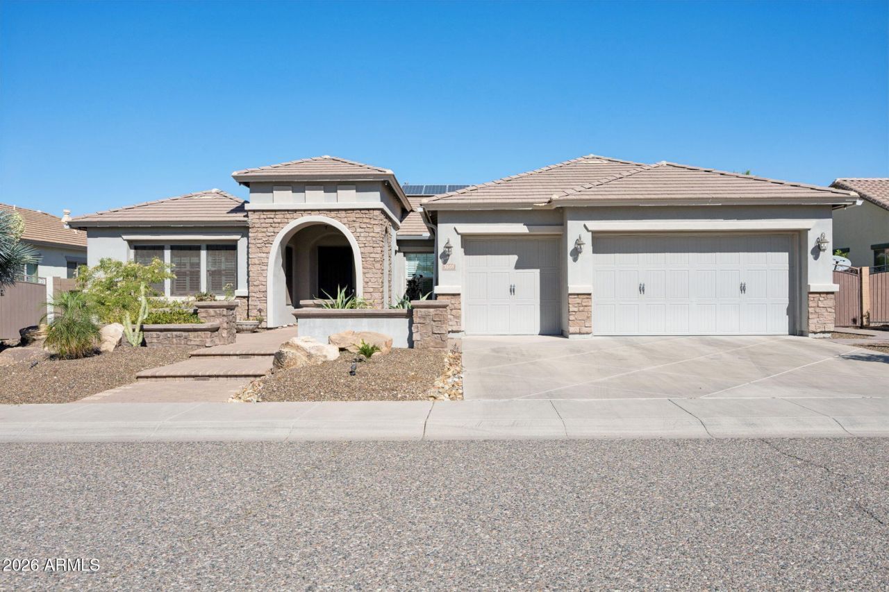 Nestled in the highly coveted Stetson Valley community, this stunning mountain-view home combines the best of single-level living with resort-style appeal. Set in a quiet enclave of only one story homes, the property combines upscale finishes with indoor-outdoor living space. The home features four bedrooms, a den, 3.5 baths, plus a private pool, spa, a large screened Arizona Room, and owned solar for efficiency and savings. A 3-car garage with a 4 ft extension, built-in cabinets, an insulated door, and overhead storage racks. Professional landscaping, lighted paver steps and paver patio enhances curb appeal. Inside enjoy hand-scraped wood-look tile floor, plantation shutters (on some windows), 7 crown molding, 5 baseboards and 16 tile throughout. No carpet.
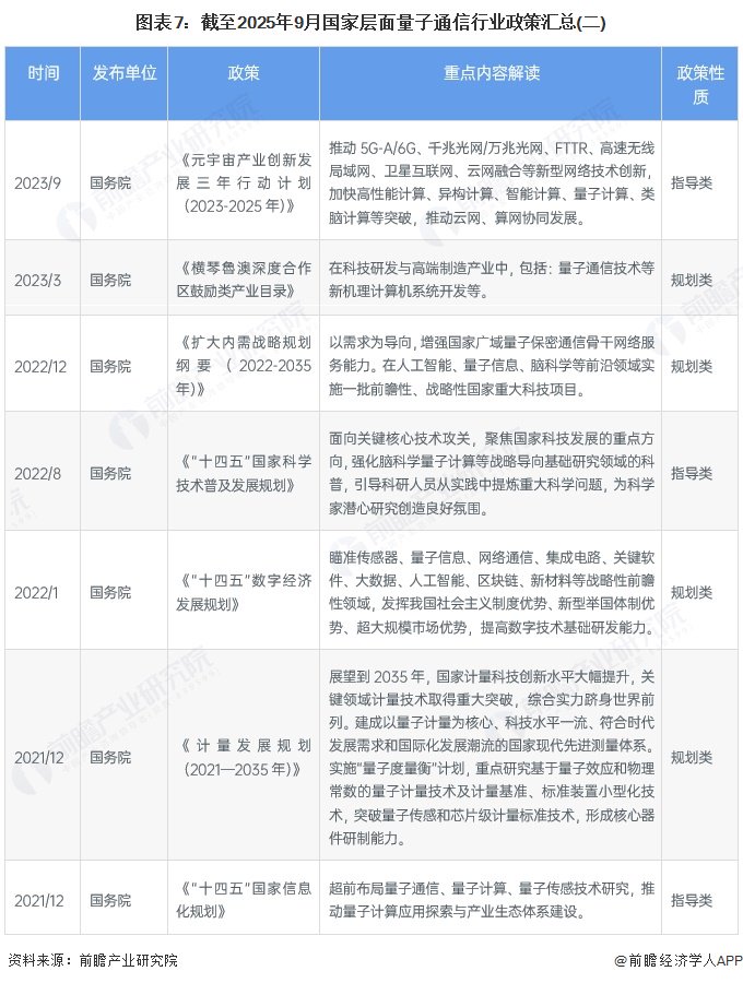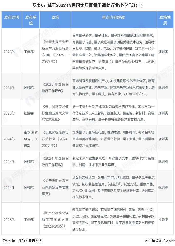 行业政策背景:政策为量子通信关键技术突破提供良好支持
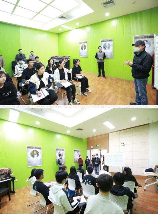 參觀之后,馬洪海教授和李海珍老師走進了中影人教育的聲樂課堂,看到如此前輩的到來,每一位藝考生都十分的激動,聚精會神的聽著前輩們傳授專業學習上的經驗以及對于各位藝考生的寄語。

* * *

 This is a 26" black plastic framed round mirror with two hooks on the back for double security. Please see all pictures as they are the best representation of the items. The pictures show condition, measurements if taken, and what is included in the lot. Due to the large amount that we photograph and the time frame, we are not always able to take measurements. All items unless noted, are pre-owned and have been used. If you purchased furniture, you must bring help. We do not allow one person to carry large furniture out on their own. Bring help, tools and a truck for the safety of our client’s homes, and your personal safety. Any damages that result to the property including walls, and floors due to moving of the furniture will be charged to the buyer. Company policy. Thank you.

---

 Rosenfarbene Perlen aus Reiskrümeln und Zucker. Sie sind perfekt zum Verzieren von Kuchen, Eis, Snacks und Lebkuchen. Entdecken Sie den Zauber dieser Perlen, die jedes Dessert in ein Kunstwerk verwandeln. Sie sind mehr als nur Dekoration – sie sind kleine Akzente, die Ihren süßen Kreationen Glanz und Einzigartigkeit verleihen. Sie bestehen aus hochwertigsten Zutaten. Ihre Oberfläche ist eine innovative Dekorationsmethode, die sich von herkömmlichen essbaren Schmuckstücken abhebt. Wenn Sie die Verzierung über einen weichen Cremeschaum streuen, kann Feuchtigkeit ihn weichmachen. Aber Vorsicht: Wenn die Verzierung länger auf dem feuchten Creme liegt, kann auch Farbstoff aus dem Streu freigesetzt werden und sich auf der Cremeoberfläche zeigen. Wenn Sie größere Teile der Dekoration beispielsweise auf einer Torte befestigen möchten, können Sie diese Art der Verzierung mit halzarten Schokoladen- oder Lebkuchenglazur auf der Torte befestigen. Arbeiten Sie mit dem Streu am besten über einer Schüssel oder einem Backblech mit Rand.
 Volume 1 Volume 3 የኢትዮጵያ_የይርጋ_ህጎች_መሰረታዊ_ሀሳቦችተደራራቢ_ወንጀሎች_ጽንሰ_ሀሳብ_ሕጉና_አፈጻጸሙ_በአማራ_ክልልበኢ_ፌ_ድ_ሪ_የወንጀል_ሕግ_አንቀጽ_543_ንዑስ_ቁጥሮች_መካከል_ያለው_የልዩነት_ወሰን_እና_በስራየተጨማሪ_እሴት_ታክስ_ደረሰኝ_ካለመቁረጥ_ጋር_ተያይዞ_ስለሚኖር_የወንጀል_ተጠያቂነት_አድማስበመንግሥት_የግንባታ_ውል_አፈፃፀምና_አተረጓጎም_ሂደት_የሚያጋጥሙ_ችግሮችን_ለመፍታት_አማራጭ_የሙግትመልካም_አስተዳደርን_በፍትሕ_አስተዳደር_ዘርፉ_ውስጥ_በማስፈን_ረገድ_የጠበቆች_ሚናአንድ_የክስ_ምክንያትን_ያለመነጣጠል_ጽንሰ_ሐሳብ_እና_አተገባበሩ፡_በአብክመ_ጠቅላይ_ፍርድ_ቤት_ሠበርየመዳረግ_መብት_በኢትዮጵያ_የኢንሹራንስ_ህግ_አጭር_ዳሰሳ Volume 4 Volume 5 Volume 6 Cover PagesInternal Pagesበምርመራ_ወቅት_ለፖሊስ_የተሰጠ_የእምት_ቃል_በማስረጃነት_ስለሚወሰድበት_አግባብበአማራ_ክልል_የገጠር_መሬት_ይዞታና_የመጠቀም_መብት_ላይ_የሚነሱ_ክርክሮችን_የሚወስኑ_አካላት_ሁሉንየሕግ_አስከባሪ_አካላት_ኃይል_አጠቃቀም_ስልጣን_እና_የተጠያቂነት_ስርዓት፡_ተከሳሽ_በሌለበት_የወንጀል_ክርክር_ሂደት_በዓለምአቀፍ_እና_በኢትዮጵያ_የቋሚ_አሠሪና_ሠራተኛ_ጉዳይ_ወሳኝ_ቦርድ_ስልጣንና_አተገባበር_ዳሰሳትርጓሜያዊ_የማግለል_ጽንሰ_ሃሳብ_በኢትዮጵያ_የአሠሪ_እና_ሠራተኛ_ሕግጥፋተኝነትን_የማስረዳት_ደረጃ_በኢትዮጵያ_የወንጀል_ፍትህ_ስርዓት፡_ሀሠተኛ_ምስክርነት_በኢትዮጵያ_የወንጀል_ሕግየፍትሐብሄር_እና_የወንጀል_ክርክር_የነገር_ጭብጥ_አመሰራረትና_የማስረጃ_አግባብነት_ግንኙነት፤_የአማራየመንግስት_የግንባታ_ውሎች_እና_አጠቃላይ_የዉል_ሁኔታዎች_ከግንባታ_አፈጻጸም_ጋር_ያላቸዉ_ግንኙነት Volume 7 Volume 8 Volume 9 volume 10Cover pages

* Work instructions:
Both the line containing "行业政策背景:政策为量子通信关键技术突破提供良好支持" and the line containing "參觀之后,馬洪海教授和李海珍" above belong in the output, as do the lines between them. Print them exactly, without pictures.

* Response box:
 行业政策背景:政策为量子通信关键技术突破提供良好支持
 參觀之后,馬洪海教授和李海珍老師走進了中影人教育的聲樂課堂,看到如此前輩的到來,每一位藝考生都十分的激動,聚精會神的聽著前輩們傳授專業學習上的經驗以及對于各位藝考生的寄語。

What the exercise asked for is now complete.